* [Data under study]:

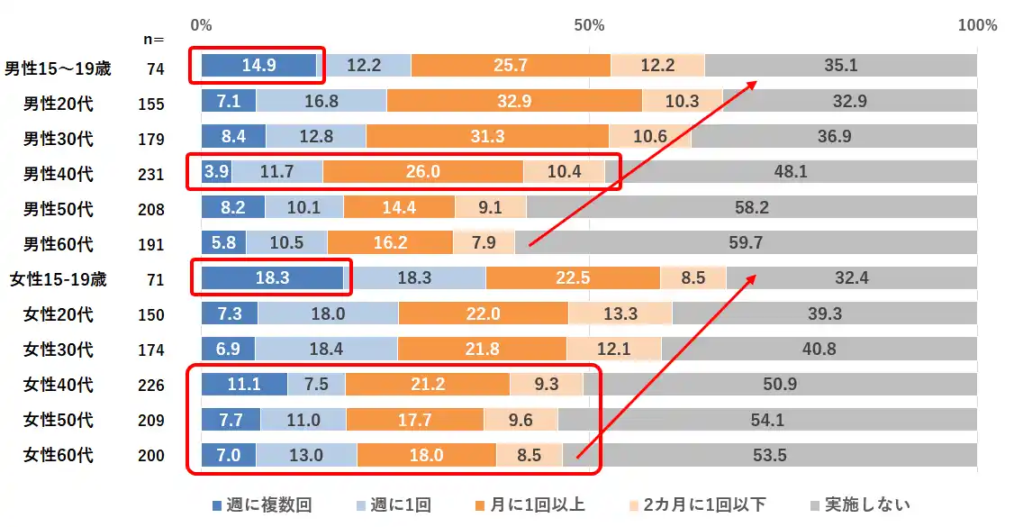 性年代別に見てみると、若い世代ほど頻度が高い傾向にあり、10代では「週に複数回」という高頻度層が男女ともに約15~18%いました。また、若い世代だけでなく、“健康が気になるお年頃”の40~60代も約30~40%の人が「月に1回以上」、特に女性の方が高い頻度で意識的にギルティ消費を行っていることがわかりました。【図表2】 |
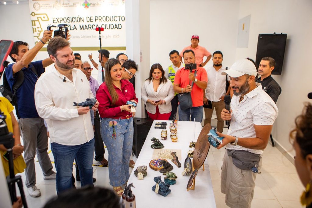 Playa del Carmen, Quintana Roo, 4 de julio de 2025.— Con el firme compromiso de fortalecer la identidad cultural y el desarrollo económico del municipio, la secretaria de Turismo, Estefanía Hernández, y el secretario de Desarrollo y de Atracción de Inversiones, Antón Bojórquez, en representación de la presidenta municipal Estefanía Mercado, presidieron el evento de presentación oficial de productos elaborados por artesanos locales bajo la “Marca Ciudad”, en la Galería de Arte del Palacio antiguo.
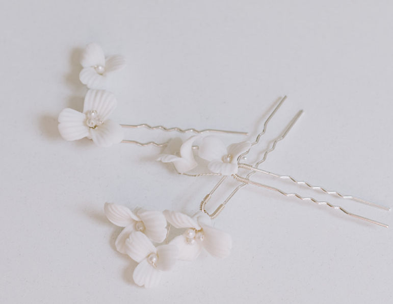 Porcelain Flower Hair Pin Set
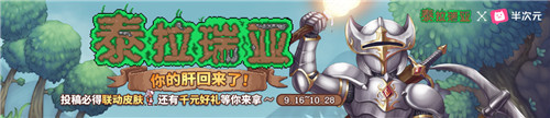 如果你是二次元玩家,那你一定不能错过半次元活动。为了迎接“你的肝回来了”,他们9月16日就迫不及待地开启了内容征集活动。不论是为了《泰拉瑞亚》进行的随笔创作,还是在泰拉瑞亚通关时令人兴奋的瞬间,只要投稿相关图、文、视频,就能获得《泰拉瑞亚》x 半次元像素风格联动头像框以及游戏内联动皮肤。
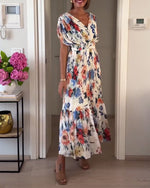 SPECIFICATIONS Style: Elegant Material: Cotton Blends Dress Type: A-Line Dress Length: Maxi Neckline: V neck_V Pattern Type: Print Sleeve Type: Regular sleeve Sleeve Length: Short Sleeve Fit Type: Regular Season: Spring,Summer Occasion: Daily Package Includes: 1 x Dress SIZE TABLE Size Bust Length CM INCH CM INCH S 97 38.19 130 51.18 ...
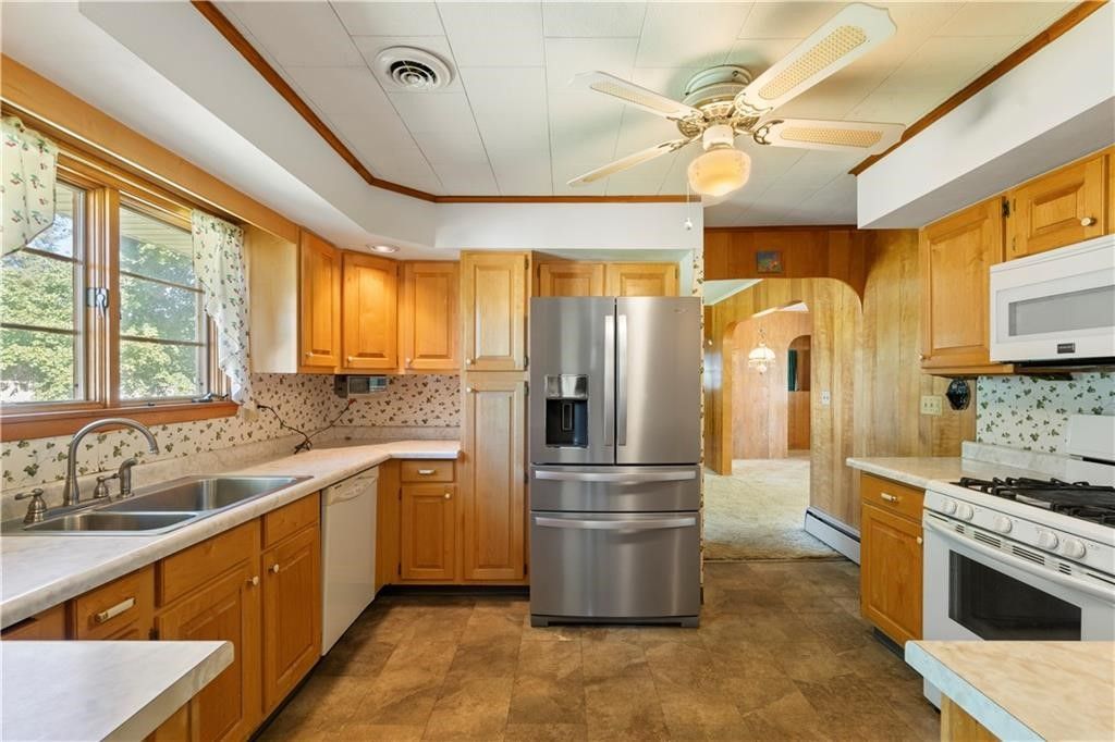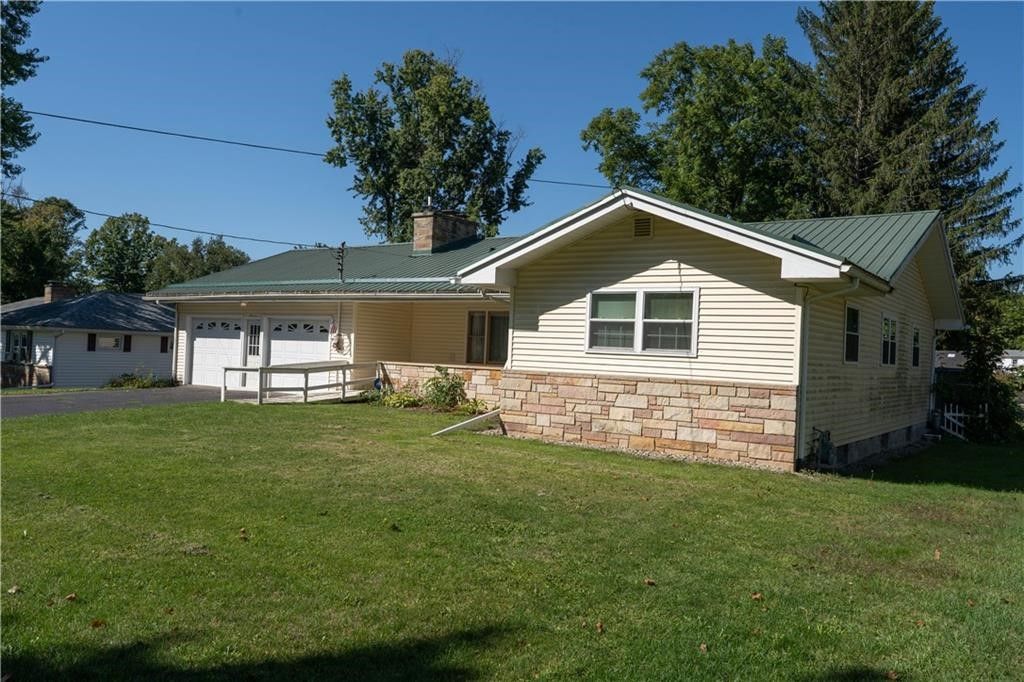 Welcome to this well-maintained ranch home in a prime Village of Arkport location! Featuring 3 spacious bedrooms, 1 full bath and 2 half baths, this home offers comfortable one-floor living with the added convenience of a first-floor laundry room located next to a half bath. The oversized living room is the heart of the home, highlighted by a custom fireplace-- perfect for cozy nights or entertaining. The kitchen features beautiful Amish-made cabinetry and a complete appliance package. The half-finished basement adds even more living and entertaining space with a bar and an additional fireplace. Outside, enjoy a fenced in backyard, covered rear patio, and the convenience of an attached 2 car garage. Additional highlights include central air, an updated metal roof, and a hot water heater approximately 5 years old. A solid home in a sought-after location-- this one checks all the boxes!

* [Exercise goal]: Would you restate, exactly and with no pictures, the lines of the entries above from the one containing "如果你是二次元玩家,那你一定" through the one containing "SPECIFICATIONS Style: Elegant"?

* [Solution to this task]:
 如果你是二次元玩家,那你一定不能错过半次元活动。为了迎接“你的肝回来了”,他们9月16日就迫不及待地开启了内容征集活动。不论是为了《泰拉瑞亚》进行的随笔创作,还是在泰拉瑞亚通关时令人兴奋的瞬间,只要投稿相关图、文、视频,就能获得《泰拉瑞亚》x 半次元像素风格联动头像框以及游戏内联动皮肤。
 SPECIFICATIONS Style: Elegant Material: Cotton Blends Dress Type: A-Line Dress Length: Maxi Neckline: V neck_V Pattern Type: Print Sleeve Type: Regular sleeve Sleeve Length: Short Sleeve Fit Type: Regular Season: Spring,Summer Occasion: Daily Package Includes: 1 x Dress SIZE TABLE Size Bust Length CM INCH CM INCH S 97 38.19 130 51.18 ...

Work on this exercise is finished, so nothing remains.